Wednesday, September 9, 2009

Relax

In light of my big blow up yesterday, I've been thinking a lot about how I've been handling things lately and I've come to a couple conclusions.

First off, I don't want to have to look back at our early years of marriage and remember how hard things were and that instead of dealing with it and making the best out of it, I just kept losing it. That is not good. And I don't want Z to remember me as a stressed out mom.

Secondly, I need to relax. Really relax. I used to be able to take things in stride and not get worked up about things, but somewhere in between a husband and baby and 400 in-laws, I have lost my cool.

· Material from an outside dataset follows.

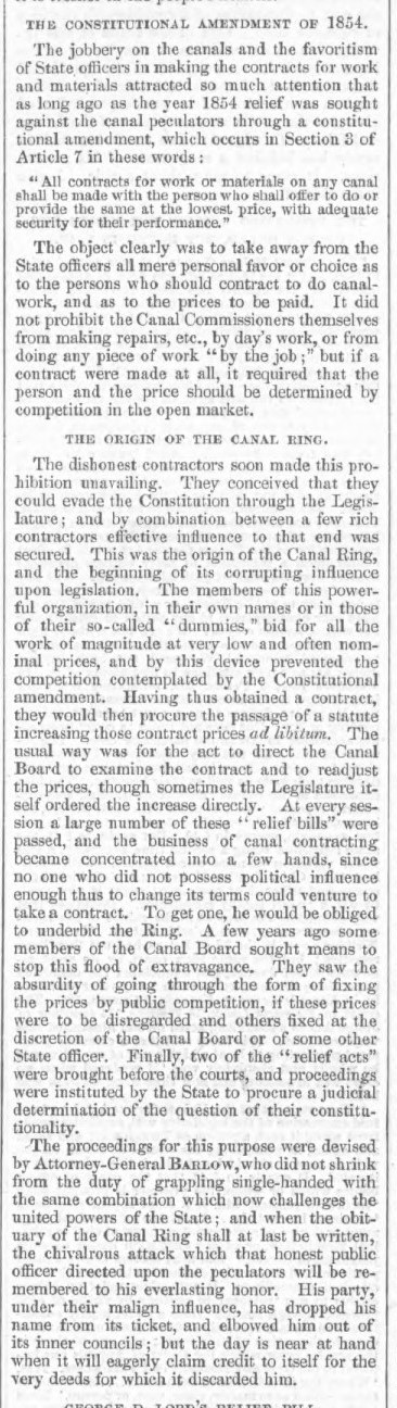 Governor Samuel Tilden made taking on the “Canal Ring” one of his administration’s major projects. Harper’s Weekly published a lot of information about the Canal Ring throughout 1875. In its April 17, 1875 issue the newspaper questioned whether the state should even be in the business of running the canals. The governor said he was not planning on selling the canals, just cleaning up the abuses. The newspaper’s November 13, 1875 Supplement explained how the Canal Ring worked – contractors undercut other bidders for a canal project, then the state legislature would direct the canal board to increase the prices paid to the contractors. Civil War veteran and New York State Attorney General (January 1, 1872 – December 31, 1873) Francis C. Barlow courageously confronted the Canal Ring. Barlow also prosecuted the Boss Tweed Ring.

And last of all, I need to make the best of things. There are a lot of things that could be better...more money, our own house, more time together as a family, less interference from M's family, hot water....but I can deal with what we have and try harder to make them work.

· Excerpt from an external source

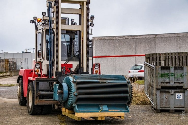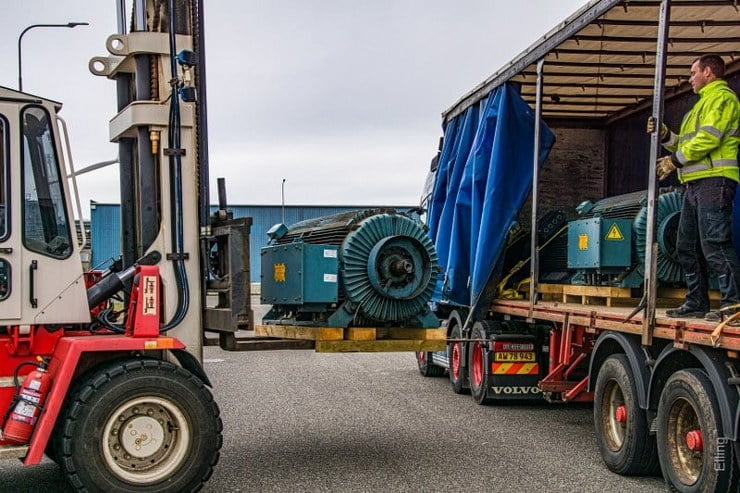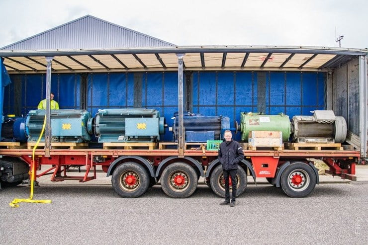 Virksomheden modtog i dag et helt vognlæs brugte vindmøllegeneratorer, som trænger til en opgradering… Meningen er naturligvis, at de skal tilbage i nye vindmøller.

Of course I can deal. That's what women do right? And I can be much gentler and respectful in how I communicate with M when he's not pulling his weight.

Whew. I feel much better now. Yesterday was a rough day but I got through it and did not binge. I walked for 20 minutes to go pick up Z and we had a nice afternoon together. And today I'll be okay as well. I had oatmeal for breakfast, will have soup and salad for lunch, and do my strength training later on. I may even walk to go pick up Z again. It felt good yesterday, although my feet are hurting. I really need to wear samthing other than flip flops when I walk longer distances.